Additionally, while Martin claims that he received no meaningful hearing, the adequacy of the suspension procedures was upheld in Martin I, 393 Mass. 430 (1984). Despite this decision, Martin attempts to reargue many of the same issues in this appeal. Further, the record shows, and the judge found, that Martin did receive a hearing on the RIF termination.

Article XV, § 1(D), of the collective bargaining agreement states: “If the School Committee determines that further reductions in staff are necessary which affect tenured teachers, it shall retain, consistent with the requirements of all relevant laws, those teachers whom it determines are most qualified. If the Committee determinés that qualifications within the disciplines set forth below are approximately equal then the teacher with the most *468seniority qualification shall be retained. The teacher’s placement on the salary schedule shall not be a consideration in determining who shall be laid off.”

The collective bargaining agreement defines a grievance as “a complaint by an employee covered by this Agreement and based on an alleged violation of this Agreement or a dispute involving the meaning, interpretation or application thereof” and describes a procedure for handling grievances. The final step in the procedure is arbitration, and only the union, on behalf of the grievant, “may refer the grievance to arbitration.” Moreover, the collective bargaining agreement provides that “[i]n the case of a grievance involving the meaning, application, or interpretation of this Agreement, the decision of the Arbitrator shall be final and binding upon all parties.”

General Laws c. 150E, § 8 (1984 ed.), provides as follows: “The parties may include in any written agreement a grievance procedure culminating in final and binding arbitration to be invoked in the event of any dispute concerning the interpretation or application of such written agreement. In the absence of such grievance procedure, binding arbitration may be ordered by the commission upon the request of either party; provided that any such grievance procedure shall, wherever applicable, be exclusive and shall supersede any otherwise applicable grievance procedure provided by law; and further provided that binding arbitration hereunder shall be enforceable under the provisions of chapter one hundred and fifty C and shall, where such arbitration is elected by the employee as the method of grievance resolution, be the exclusive procedure for resolving any such grievance involving suspension, dismissal, removal or termination notwithstanding any contrary provisions of sections thirty-nine and forty-one to forty-five, inclusive, of chapter thirty-one, section sixteen of chapter thirty-two, or sections forty-two through forty-three A, inclusive, of chapter seventy-one.”

As to the claim that this evaluation was not withdrawn from Martin’s personnel file, see note 9, supra.

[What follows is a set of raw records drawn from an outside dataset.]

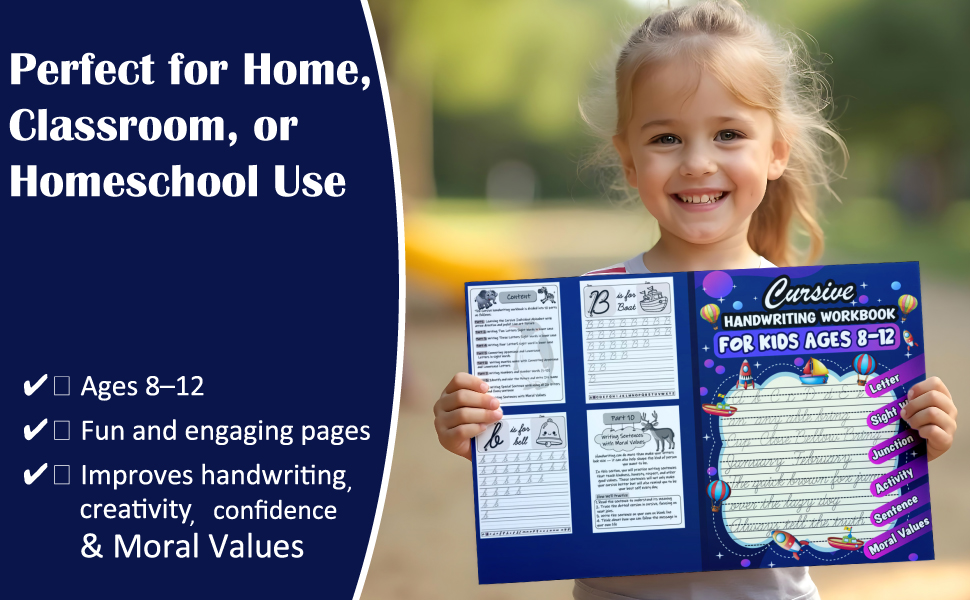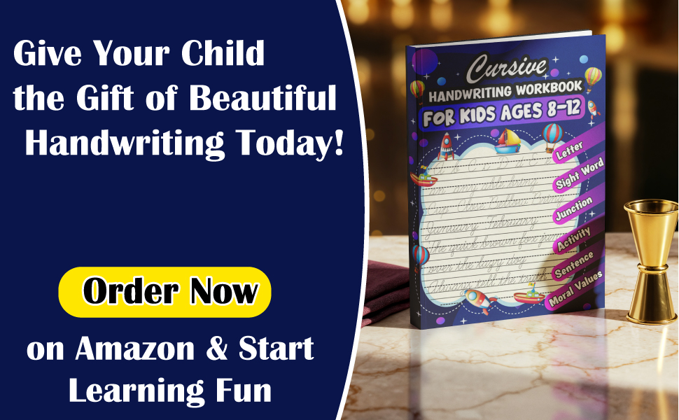This workbook especially made for kids ages 8-12 years to learn step by step Cursive writing with lots of pages for practice. This Book helps kids to build confidence, write neatly, and enjoy learning Cursive Fun and perfect for both home learning and your kids classroom practices
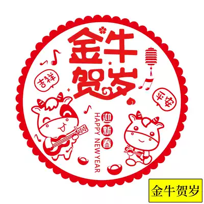 30#Window grille stickers 2021 Year of the Ox glass stickers New Year's Blessing door stickers stickers cut electrostatic stickers Spring Festival New Year decoration
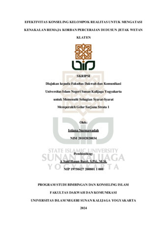 Text (EFEKTIVITAS KONSELING KELOMPOK REALITAS UNTUK MENGATASI KENAKALAN REMAJA KORBAN PERCERAIAN DI DUSUN JETAK WETAN KLATEN)
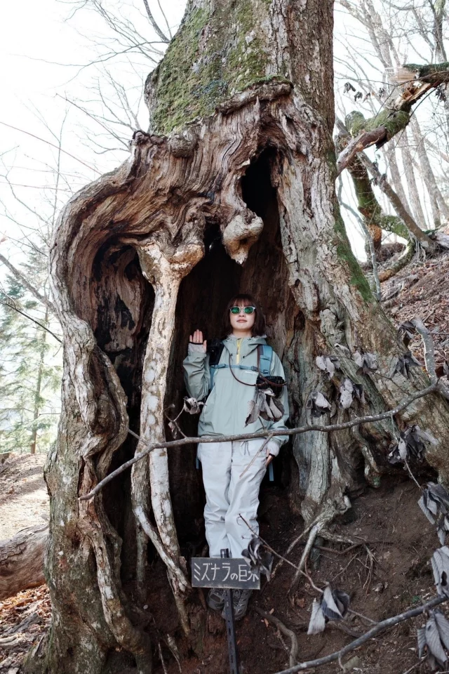 登山口からすぐのところに、人が1人入れそうな巨木があったので、おつきみちゃんを奉納した。想像通り、ちょうどいいサイズで収まっている。
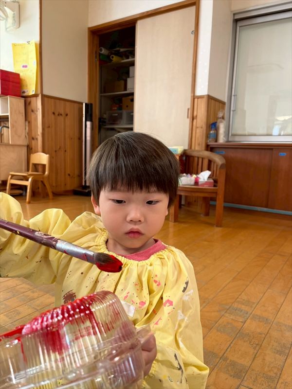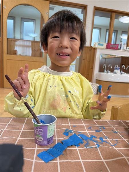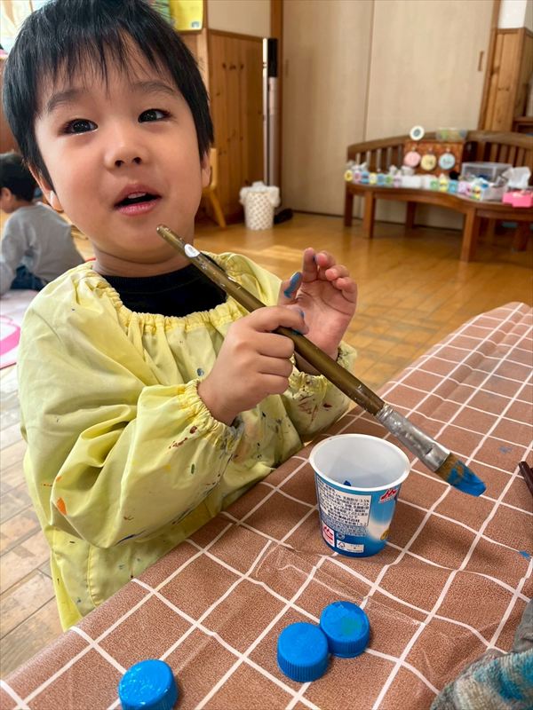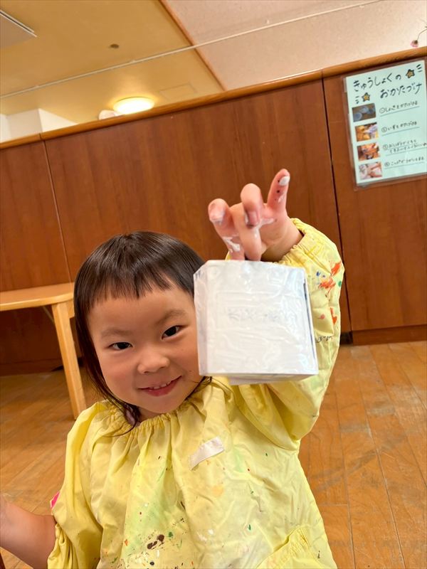 制作展に向けて「乗り物」をテーマに制作を進めました!自分の作りたい乗り物を決めて、イメージに沿って廃材を選びました!絵の具で色を塗ったり組み立てたりして、作りたい物をどんどん形にして制作力が上がってきたほしぐみさんです☆

Martin’s claim that summary judgment is inappropriate because of the provisions of G. L. c. 71, § 43A, is unpersuasive for two reasons. General Laws c. 71, § 43A (1984 ed.), provides for de nova judicial review of the dismissal of a teacher, but nothing in the statute precludes the use, in an appropriate case, of the procedures provided by Mass. R. Civ. P. 56, in ruling on such a complaint. Cf. Kurlander v. School Comm. of Williamstown, 16 Mass. App. Ct. 350 (1983). Second, since Martin availed himself of the administrative review procedures provided by G. L. c. 32, § 16, arguably, he has waived his rights under G. L. c. 71, § 43A. See Haskell v. School Comm. of Framingham, 17 Mass. App. Ct. 628, 633-634 (1984).